"Well it's been only a little since you slapped him, maybe he needs some time, Wil." I tried to sympathize.

He swayed his head towards me, "But he lied to me?! He got my hopes up and then just crushed them into a little ball and threw it off a cliff!! He doesn't care."

"I was perfectly fine without Tommy. You know what- maybe he does need some time! He should just LEAVE. I don't want to talk to him." He ranted.

"I'd leave too." I looked at him with a saddened expression.

"He can go with Techno— NO. Did you ignore everything I just said?!" He shook his head.

"Nonono- let me talk—.. Look I get he lied to you but-"

"STOP TRYING TO EXCUSE HIS BULLSHIT!" He screamed at the top of his lungs, letting all of his anger free. Oh shit-

He started sobbing right after he yelled, he covered his face with his hands and just cried. "I'm sorry.."

How did he just flip a switch that quickly— one second he'll be bursting with rage and the next he's just crying? "Hey hey.. It's alright— I get it." I rubbed his back.

He suddenly latched onto me and hugged me before getting up. "I'm gonna sleep.. Thanks for helping." I heard him mumble an 'i guess' after. God I shouldn't have tried to do that— I grabbed Wil's arm.

"Let me talk to you, I don't want you upset."

He looked confused, but then sat down. I watched as his brown silky hair covered his eye, the other looked terrified.

"You aren't in trouble. I just want you to know I care. I shouldn't have tried to make up excuses for Tommy, I'm sorry." I said.

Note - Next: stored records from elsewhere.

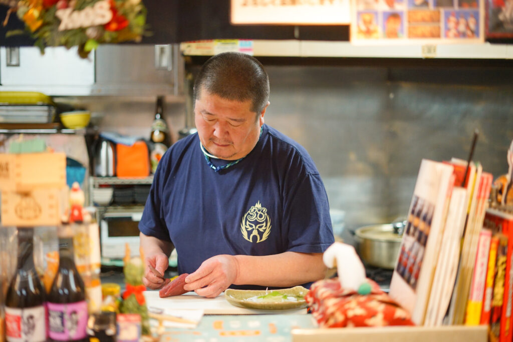 のみくい処みやは、料理担当の「マスター」こと宮本茂さんと、明るく話題豊富な「女将」こと望さんご夫妻が営む居酒屋です。茂さんは長野県須坂市生まれ。親の影響で小学生の頃からプロレスが好きで、年に一度、長野に来るプロレスの興業を見に行くのが楽しみにしていました。新日本プロレスが好きで、小学生のときにアントニオ猪木のファンになり、のちに長州力の大ファンに。学生時代から料理を作るが好きだったこともあり、高校卒業後は長野市の有名割烹で住み込みで働き、和食の料理人としての修行を積みました。30歳になる少し前、割烹を辞して別の店に移ったのち、1999年頃、縁あって新潟県へ。長岡で厨房に立つことになったそうです。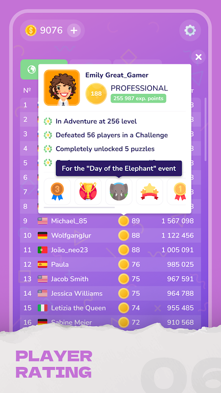 • Peringkat pemain Sudoku dari seluruh dunia.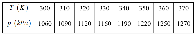 Một nhóm học sinh làm thí nghiệm gồm các dụng cụ như hình bên để khảo sát sự phụ thuộc của áp suất p của một lượng khí (được chứa nhờ áp kế) theo nhiệt độ tuyệt đối T (được đo nhờ nhiệt kế điện tử) của nó ở một thể tích không đổi, thu được kết quả như ở bảng sau đây:

"It's okay. I just don't want to fight or yell at anyone anymore. It's tiring." He sighed.

"It's alright— I don't want any fighting or yelling either.. Trust me. You should get some rest actually, you look tired. We can talk tomorrow if you want." I projected onto him. I'm the tired one.

"Haha- alright. Goodnight, thank you." He giggled and walked out, heading to bed.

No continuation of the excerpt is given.